In our study, TNF- α decreased in the obese model when subjected to the RFM. We noticed that the TNF- α level was significantly lower in HFD + RFM and HFD + RFM + T. TNF- α is a proinflammatory cytokine that plays a critical role in immune system regulation and inflammation and has been linked in some studies with longevity. There was no attrition of the TNF—308 A/G polymorphism in centenarians in research in nonagenarian/centenarian groups from three European nations69,70. Similar to IL-6, research on repurposing anti-inflammatory medications is being developed in light of mounting evidence suggesting a link between rising TNF-α and age-related illnesses. According to research, TNF inhibitors may play preventative or ameliorative functions in several age-related diseases71. The above stresses the importance of conducting long-term studies to assess the effects of RFM on various age-related diseases that may influence lifespan. Moreover, we observed that CRP did not reach a statistical significance reduction among groups. Consistent with our results, previous studies found that TNF-α and IL-6 were the most affected biomarkers after Ramadan fasting among obese participants72,73. Faris et al., (2012)74 and Ünalacak et al., (2011)75 reported that Ramadan fasting reduced circulating levels of inflammatory cytokines (IL-6 and TNF-α) but not CRP among obese individuals. In the same line, this is consistent with Nematy et al., 2012 study76, which demonstrated no significant reduction in CRP after 30 days of fasting compared with the beginning of the study. In contrast, Madlour et al., (2019)77 showed significant improvement in IL-6, CRP, and homocysteine levels among healthy young adults after 30 days of Ramadan fasting. CRP is regularly evaluated to assess inflammation caused by chronic disease, infection, or injury. High sensitivity CRP (hs-CRP) testing is more sensitive than the standard CRP testing and can detect smaller increases in CRP. Thus further studies are needed to asses hs-CRP rather than CRP test78. Indeed, above intervention trials had mixed findings, possibly because of different sample sizes, fasting hours, methodological inconsistencies, or controlling for potential confounders74.
Some potential mechanisms by which fasting promotes healthy longevity include the impairment of activation in the nuclear factor kappa-light-chain-enhancer of activated B cells (NF-B) through intermittent fasting. NF-B is a crucial transcriptional regulator of inflammation that controls the production of proinflammatory cytokines such as IL-6 and TNF-α20. However, in the current study, we did not test this gene; therefore, more investigation is needed to explore the potential mechanisms by which RFM may impact longevity and inflammation, specifically by evaluating the gene expression of NF-B. Another possible mechanism is that RFM helps to reduce hyperplasia and hypertrophy of fat cells, which leads to a decrease in the concentration of inflammatory markers39,60. Hence, RFM could positively improve cardiovascular risks and attenuate metabolic syndrome characteristics by suppressing inflammatory reactions27,79.

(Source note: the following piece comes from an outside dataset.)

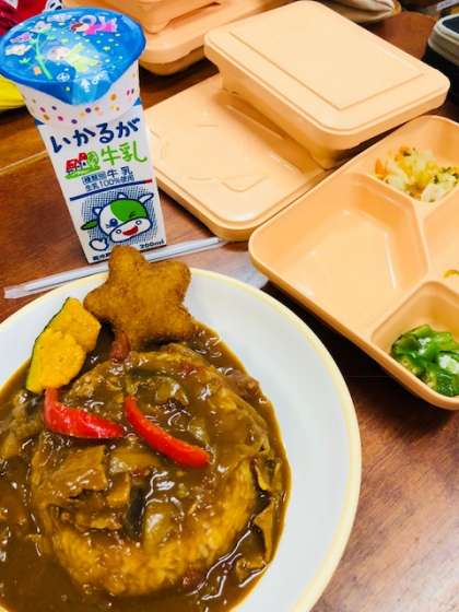 カレールウに揚げ夏野菜、星形コロッケ、塩茹でしたオクラをのせていただきました。
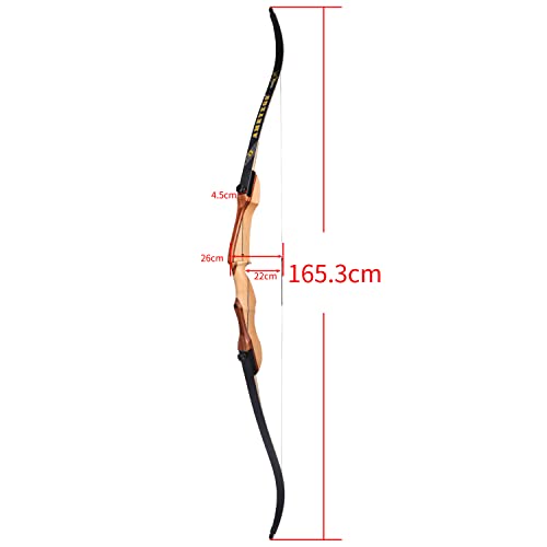 Item Name: Recurve Bow Bow length: 68″ Draw Weight:38 lbs Max Draw length:30″ 68″ Bow Brace height: 22-22.5cm Bow handle: 23.5″, 708g, Fraxinus mandshurica. Bow Limbs: 370g, fiberglass + bamboo core laminated. Bow Net Weight: 1.1kg Bow Handle size: 59.5×7.6×4.4cm Bow Limbs size: 60x4x1.6cm Bow Size: 165x26x4.5cm Bow Set: 1 x Recurve bow 6x Carbon arrows SP500 1 x Arm guard 1 x Finger tab 1 x Bowstring wax 1 x Bow sight 1 x Arrow rest 1 x Bow stringer 1 x Riser stabilizer 3 x Paper Target 2 x Copper buckle 1 x Arrow Quiver 1 x Bow Bag 1 x Bow Stand Note: 1. The real color of the item may be slightly different from the pictures shown on website caused by many factors such as brightness of your monitor and light brightness. 2. Please allow slight manual measurement deviation for the data. 3. DO NOT DRY FIRE (shoot the bow without arrow)! This will damage the bow and hurt yourself and the people around you.

There was an increase in the anti-inflammatory cytokine IL-10 in the HFD rats after the RFM. In the current study, the level of IL-10 among rats subjected to RFM was significantly higher in HFD groups. IL-10 is an anti-inflammatory cytokine that plays a crucial role in immune system regulation and inflammation and suppresses the activities of IL-6, TNF-α, and IL-880. Studies on the relationship between IL-10 and longevity have suggested that higher levels of IL-10 may be positively associated with longevity and reduced risk of age-related diseases. The high-producing GG 1,082 variant of the IL-10 promoter polymorphism was associated with a survival benefit in male Sicilian centenarians, indicating that IL-10’s anti-inflammatory properties may serve as a marker for male longevity69. A recent comprehensive study revealed a significant association between IL-10 promoter polymorphisms, specifically rs1800871 and rs1800896, and the syndromic characterization of frailty. This association was observed at both the allelic and haplotypic levels81.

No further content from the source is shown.